Surveillance officers observed several drug transactions involving Ms. Putra and a codefendant on two consecutive days. Putra was charged with aiding and abetting in the crime of possession with intent to distribute cocaine for transactions on each day. She was convicted as charged for the first day’s activities, but acquitted on the second.

According to sentencing guidelines, the penalty for her conviction would have been 15 to 21 months in prison. She was sentenced to 27 months, based on guidelines that were enhanced for the charge on which she was acquitted.

3. Roger White

In 2002, Jeffrey Wright and Laurie Ann Fischer robbed a bank in Maysville, Kentucky, each armed with a .357 caliber firearm. They fled in a car driven by Wright’s brother, Roger White, who acted as the getaway driver. According to press reports, White led police on a high-speed chase while shots were fired from the car at police.

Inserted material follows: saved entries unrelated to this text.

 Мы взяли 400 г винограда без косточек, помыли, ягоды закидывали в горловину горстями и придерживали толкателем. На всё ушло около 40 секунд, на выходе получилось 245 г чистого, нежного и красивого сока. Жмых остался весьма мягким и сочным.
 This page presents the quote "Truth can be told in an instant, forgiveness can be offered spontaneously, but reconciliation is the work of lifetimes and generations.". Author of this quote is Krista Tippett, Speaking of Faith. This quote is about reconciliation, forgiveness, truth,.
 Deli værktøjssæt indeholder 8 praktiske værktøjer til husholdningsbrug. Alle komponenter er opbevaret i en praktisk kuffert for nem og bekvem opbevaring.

After the chase, Wright took his own life. Fischer was later convicted on multiple counts of bank robbery and using a handgun and was sentenced to 25 years in prison.

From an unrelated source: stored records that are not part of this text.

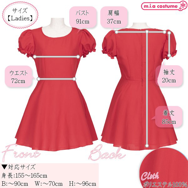 対応サイズ:身長155〜165cm・B〜90cm・W〜70cm・H〜96cm 実寸:B91cm・W72cm・肩幅37cm・袖丈20cm・着丈85cm セット内容:ワンピース単品(背中心ファスナー) 素材:ポリエステル100% モデル身長155cm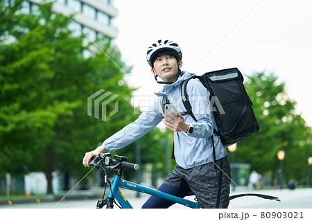 都会で自転車に乗りデリバリーをする男性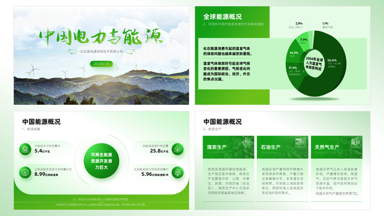 首先,根据主题内容,不难发现这是关于电力和能源主题,对于配色,取用绿色,更加匹配主题。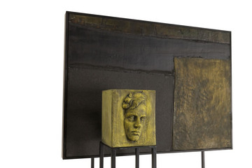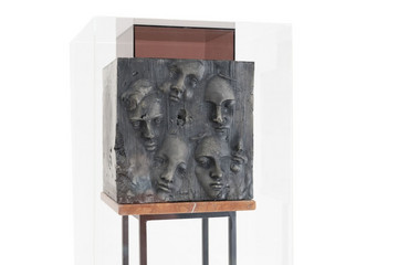 Ο Αντώνης Τζιαρρίδης, χρησιμοποιώντας κλασσικά ψυχρά πρόσωπα από διακοσμητικά άψυχα κεραμικά επιδιώκει να αποδώσει το επίκαιρο συναίσθημα του περιορισμού. Μέσω της συσσώρευσης διαφορετικών υλικών δημιουργεί μνημειακές «στήλες». Στη συγκεκριμένη περίπτωση τα πρόσωπα παραμένουν όμορφα εξωτερικά αλλά άψυχα και κενά.

At trial, White was convicted of aiding in the robbery, but acquitted of charges related to use of a firearm during the robbery and escape. Nevertheless, the judge added nearly 14 years to White’s sentence, almost tripling it to 22 years.

The U.S. Court of Appeals for the Sixth Circuit later upheld the sentence.

4. Gregory Bell, Joseph Jones, Antwuan Ball, Desmond Thurston, David Wilson, et al.

From 2005 to 2010, 18 people associated with the “Congress Park Crew” were indicted as part of a conspiracy for crimes, including crack dealing and armed robbery. While most of the accused entered guilty pleas, a few exercised their right to a jury trial.

The jury acquitted them of the most serious charges, but convicted them of distributing what Supreme Court Justice Antonin Scalia later characterized as “very small amounts of crack cocaine.”

While sentencing guidelines for these convictions generally recommend a range between two and six years in prison, the judge sentenced the defendants to between 15 and 19 years, enhancing the sentences based on charges for which they had been acquitted. (Notably, Supreme Court Justice Brett Kavanaugh registered his misgivings about acquitted conduct sentencing when this case came before the U.S. Court of Appeals for the D.C. Circuit.

The Washington Times eventually published an open letter from a member of the jury objecting to the sentence:

“[W]e spent 8 months listening to the evidence. … We deliberated for over 2 months, 4 days a week, 8 hours a day. …  We, the jury, all took our charge seriously. We virtually gave up our private lives to devote our time to the cause of justice. … We listened, we thought, we argued. … Eventually, through every hour-long tape of a single drug sale, hundreds of pages of transcripts, ballistics evidence, and photos, we delivered to you our verdicts. What does it say to our contribution as jurors when we see our verdicts … not given their proper weight[?]”

If the Supreme Court ends the practice of acquitted conduct sentencing, it would ensure that people are punished for crimes of which they are convicted, but not for those on which they’re acquitted. This will help protect the innocent and ensure that criminal sentences are appropriate to the crimes.